■ Exercise aim ■
Output range, inclusive: from the line containing "A short finder" to the line containing "The brass frame". Restate those lines from the data below word for word and only those.

══ Dataset entries

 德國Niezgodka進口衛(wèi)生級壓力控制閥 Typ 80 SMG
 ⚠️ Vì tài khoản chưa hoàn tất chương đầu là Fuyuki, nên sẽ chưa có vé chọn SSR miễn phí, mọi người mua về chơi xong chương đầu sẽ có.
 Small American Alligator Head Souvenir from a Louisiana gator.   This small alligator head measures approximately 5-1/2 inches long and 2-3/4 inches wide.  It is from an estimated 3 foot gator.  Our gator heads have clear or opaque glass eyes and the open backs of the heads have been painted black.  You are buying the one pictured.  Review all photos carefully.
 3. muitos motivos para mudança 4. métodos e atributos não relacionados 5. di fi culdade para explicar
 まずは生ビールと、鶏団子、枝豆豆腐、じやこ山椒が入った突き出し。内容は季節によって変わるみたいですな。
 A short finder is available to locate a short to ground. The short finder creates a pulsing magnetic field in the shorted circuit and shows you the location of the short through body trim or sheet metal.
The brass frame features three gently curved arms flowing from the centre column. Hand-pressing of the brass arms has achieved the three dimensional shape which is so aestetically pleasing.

════
══ Dataset entries

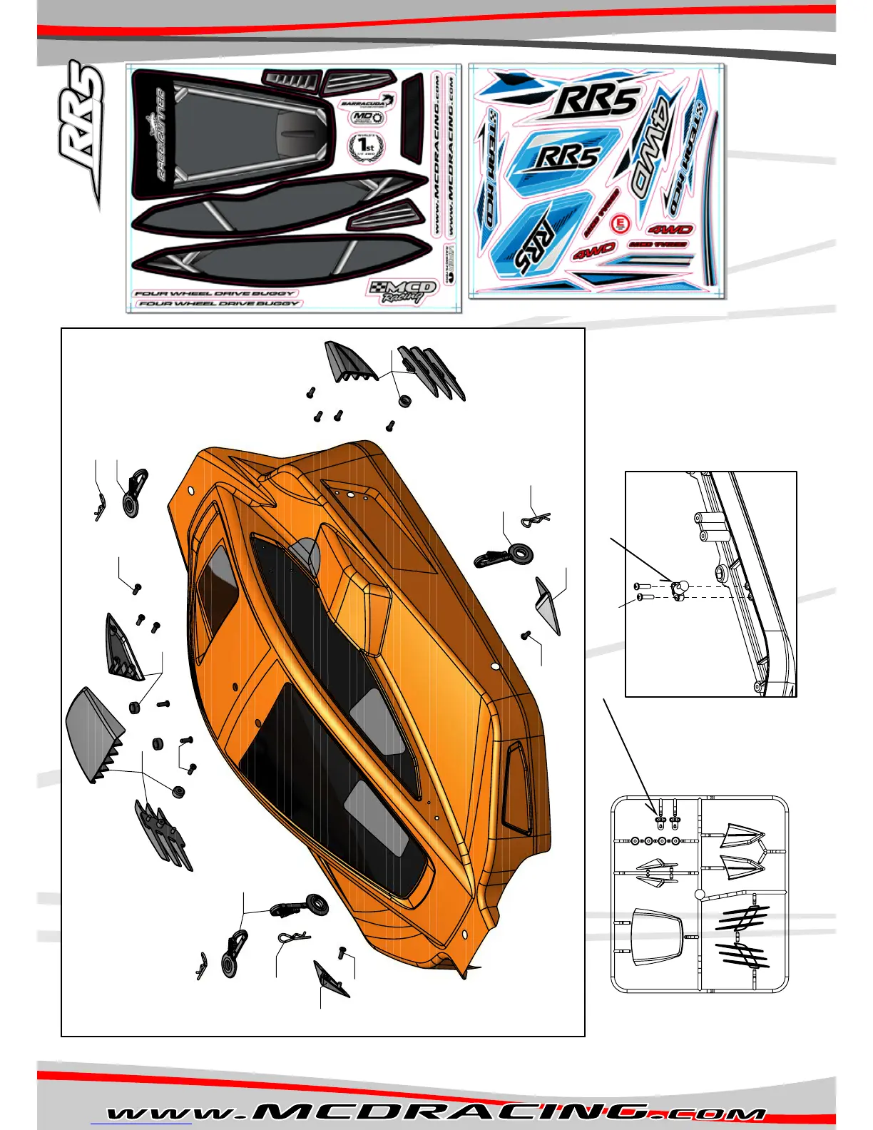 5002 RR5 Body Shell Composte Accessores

════

■ Answer below ■
 A short finder is available to locate a short to ground. The short finder creates a pulsing magnetic field in the shorted circuit and shows you the location of the short through body trim or sheet metal.
The brass frame features three gently curved arms flowing from the centre column. Hand-pressing of the brass arms has achieved the three dimensional shape which is so aestetically pleasing.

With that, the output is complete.